A sudden ethnic violence in September last year, which broke out in Yaso locality in Ethiopia's western Benishangul Gumuz regional state, had forced thousands of civilians to flee to the neighboring district, Haro Limu, in Ethiopia's largest Oromia regional state.
The violence "left many dead and dozens injured," while those who escaped left everything behind and made it "to relative safety with just the clothes on their backs," the ICRC said in a statement on Monday.
Between December 2018 and mid-February 2019, the ICRC has conducted "several rounds of distribution of essential aid."

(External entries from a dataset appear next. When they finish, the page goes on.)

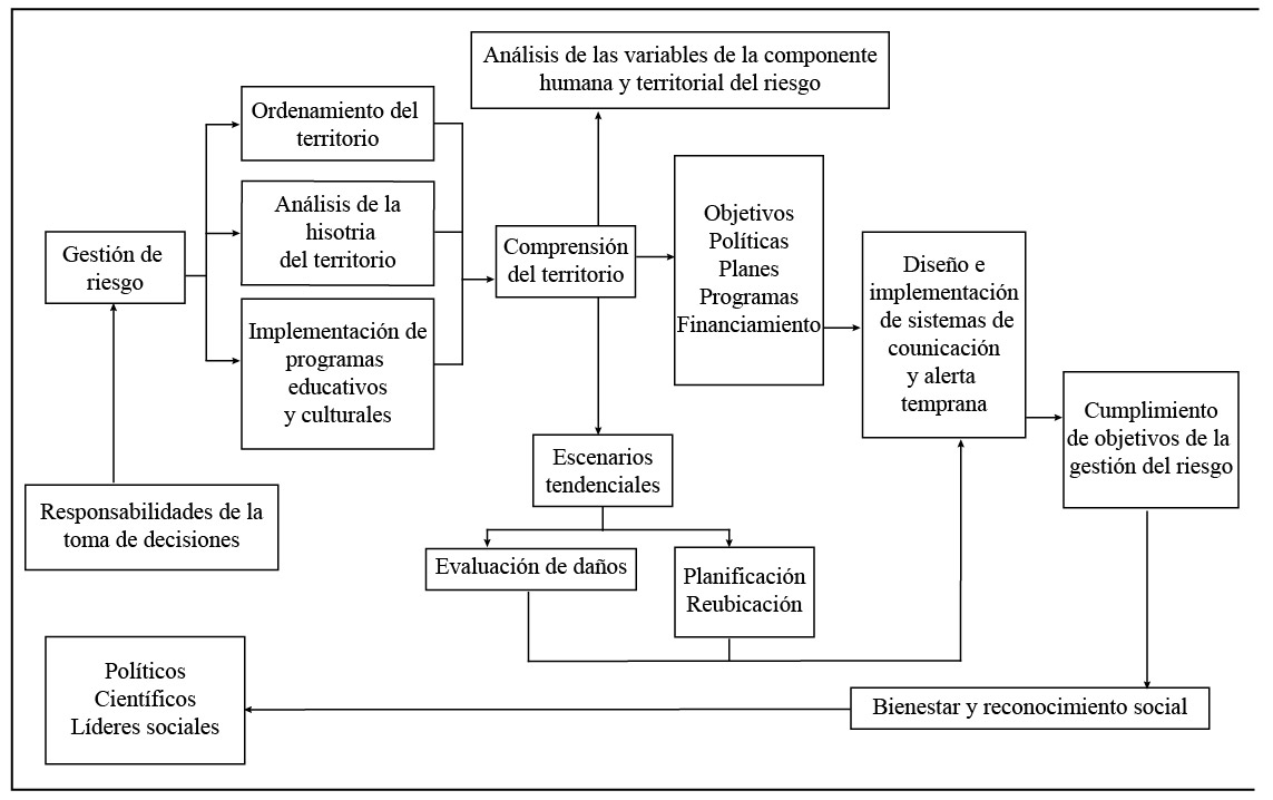 En la figura 5 se manifiesta una estructura idealizada en la cual se representan los elementos básicos que la gestión del riesgo debe poseer. Comienza por la ordenación del territorio y culmina con la consecución de los objetivos propios del asistencia que se ofrece, el bienestar social y el reconocimiento público de la población a quienes se responsabilizan por la decisión consciente desde el lugar que ocupan en la jerarquía del servicio que se otorga.
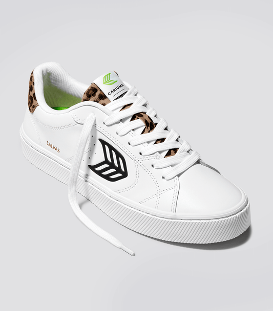 White Smooth Leather/Leopard & Black SALVAS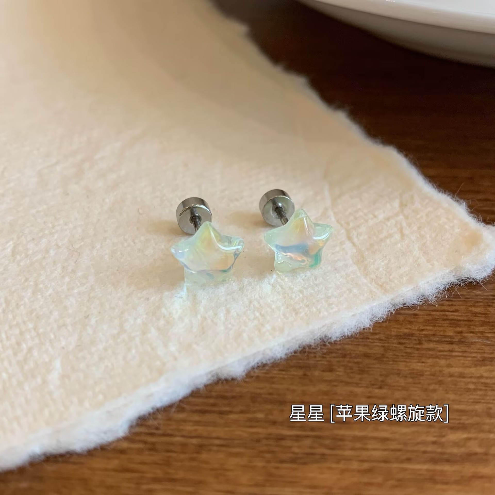 wsq1 apple green spiral stud earrings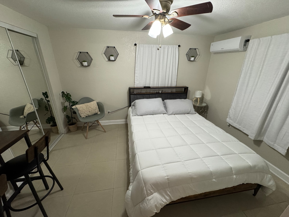 Apartamento independiente limpio y espacioso en alquiler en una ubicación céntrica en Tampa. Cerca de parques de atracciones, Lowry Park Zoo, Raymond James Stadium, centros comerciales y el aeropuerto internacional de Tampa. La unidad está unida a la casa principal, pero tiene una entrada privada, cocina completa y comedor, un dormitorio espacioso y cómodo. Wifi gratuito y fiable con un cómodo espacio de trabajo.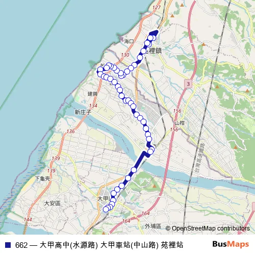 Click here to view the nearest 662 - 大甲高中(水源路) 大甲車站(中山路) 苑裡站 bus stop.
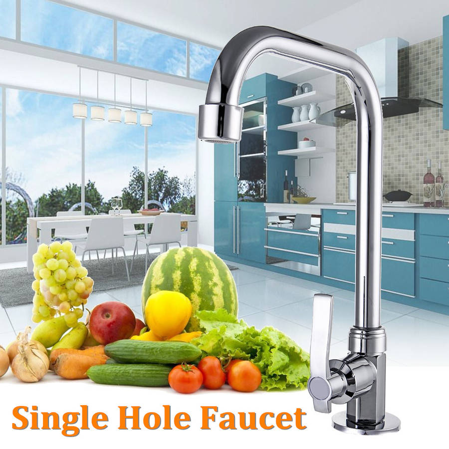 Stainless Steel Single Hole Faucet Kitchen Wash Basin Rotate Water Taps Mixer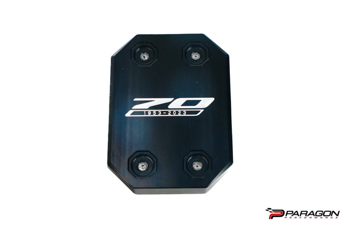 The C8RallyDriver C8 Corvette 70th Anniversary Access Covers for the C8 Corvette Coupes are machined from 6061 billet aluminum. This GM Officially Licensed Product is designed to compliment the Corvette C8 styling. The Access Covers are professionally designed and engineered. Add that extra style to your Corvette engine bay for car shows and other events. These covers compliment and perfectly match our other custom parts like the C8 rally driver rear hatch support brackets & are direct bolt on replacements for the factory stamped steel access covers.

More than 33,000 displaced family members have benefited from the assistance, according to Tagash Zemed-Agegnehu, head of ICRC's distribution efforts in the affected area.
"We distributed plastic sheds, blankets, mats, jerry cans, cooking utensils and soaps to 5,541 families sheltered in different sites of Haro Limu district," Zemed-Agegnehu said.
According to ICRC, around 8,000 internally displaced families now live in the Haro Limu district following the ethnic-conflict that was erupted in Yaso.
ICRC's announcement came amid improving security situations in the East African country over the past few months.
The UN World Food Programme (WFP) last week also resumed life-saving humanitarian food distribution in parts of Ethiopia, following interruptions over the last 11 months due to security issues.
The WFP, as one of the leading humanitarian support provider in the East African country, works with different partners in its efforts to address the humanitarian needs of drought and conflict affected people.
The WFP has been a major recipient of the humanitarian donation from the government of China, in which China has so far provided an emergency aid to Ethiopia totaling about 36.6 million U.S. dollars through four rounds of supports, making it the third largest food aid contributor in Ethiopia, according to figures from Ethiopia's National Disaster Risk Management Commission.
Speaking to Xinhua, Paul Anthem, Head of Communications, Donor Relations and Reports Unit at WFP Ethiopia, had previously said that the WFP has been receiving donations from the government of China for the past several years, especially for its relief and nutrition activities.
"The donations usually arrive at critical times when the country was in need of humanitarian assistance and millions required urgent nutritional support," Anthem had said.